New American Diabetes Association Grants Expand Diabetes Research

GAINESVILLE, FL – Researchers at the University of Florida have received nearly $1M from the American Diabetes Association, the nation’s largest and leading voluntary health organization leading the fight to Stop Diabetes®, to enable the launch of two new multi-year studies seeking to prevent the disease. Learn about these award announcements below.

Mechanisms of Type 1 Diabetes Remission Induced by Combination Therapy

Clayton Mathews, Ph.D.

Clayton Mathews, Ph.D., professor, department of pathology, immunology and laboratory medicine, was awarded a three-year pilot grant that will allow for new investigation of pharmacological interventions for treating Type 1 diabetes (T1D). The award builds on findings from a recent UF Health study which showed that combining two medical treatments to tamp down the immune system may help preserve insulin function in T1D patients. These promising results have led to a new national trial lead by Michael Haller, M.D. from the University of Florida.

Members of the UF Diabetes Institute seek to learn more about tailoring drug treatments to improve health outcomes. The new study will utilize rapidly emerging science of immune diagnostics to identify new mechanistic entry points for drug discovery and their potential application in T1D to boost regeneration of insulin‐producing beta cells. “The reality for many T1D patients today is that diabetes-linked complications will arise,” according to Matthews. “Further investigation of novel therapeutic agents that may work to restore cell function may reduce these prospects for these patients in the future,” he said.
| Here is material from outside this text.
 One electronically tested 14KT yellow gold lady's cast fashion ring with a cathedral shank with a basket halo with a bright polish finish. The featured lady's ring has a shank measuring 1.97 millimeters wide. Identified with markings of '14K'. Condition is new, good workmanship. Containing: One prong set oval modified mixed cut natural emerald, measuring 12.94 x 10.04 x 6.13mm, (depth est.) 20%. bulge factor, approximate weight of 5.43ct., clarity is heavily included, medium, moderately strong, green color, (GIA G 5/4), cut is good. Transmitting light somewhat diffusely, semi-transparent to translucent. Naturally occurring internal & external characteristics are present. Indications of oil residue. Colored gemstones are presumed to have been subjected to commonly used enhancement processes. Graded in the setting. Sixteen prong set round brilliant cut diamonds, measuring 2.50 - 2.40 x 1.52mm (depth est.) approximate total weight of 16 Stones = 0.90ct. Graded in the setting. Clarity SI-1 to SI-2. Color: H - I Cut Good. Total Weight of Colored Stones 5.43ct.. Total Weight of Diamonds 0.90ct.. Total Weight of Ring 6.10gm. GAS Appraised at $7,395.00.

Oral Delivery of Bioencapsulated ACE2 and Ang1-7 for Therapy of Diabetic Retinopathy

eye-450x305Researchers in the laboratory of Qiuhong Li, Ph.D., associate professor in the department of ophthalmology, will begin a three-year pilot study focusing on the discovery of new treatments for patients with diabetic retinopathy – the leading cause of blindness among U.S. adults. At present, the condition affects more than seven million Americans and by 2050, this number is projected to triple.

Dr. Li’s team seeks to develop a prototype capsule that can protect retinal tissues from damage in the early stages of the disease. This award is one of only a few ADA-funded research projects working to reduce the burden of diabetic eye disease. “We are looking very much forward to elucidating novel targeted therapies in diabetic retinopahty, urgently needed to slowing or halting the progression of this devastating disease,” says Dr. Li.
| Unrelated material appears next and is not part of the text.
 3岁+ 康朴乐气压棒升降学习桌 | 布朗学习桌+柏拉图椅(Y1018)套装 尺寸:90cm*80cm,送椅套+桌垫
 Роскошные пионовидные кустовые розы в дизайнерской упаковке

About the UF Diabetes Institute
The UF Diabetes Institute serves as the umbrella organization under which diabetes education, research, prevention and treatment are coordinated at UF and the academic UF Health Science Center. The Institute is committed to advancing patient care and ultimately finding a cure through innovative treatment, education and pioneering research. The UF Diabetes Institute unites more than 100 faculty members in the areas of endocrinology, education, epidemiology, patient and physician education, clinical care, health outcomes and policy, behavioral science, rural medicine, and more.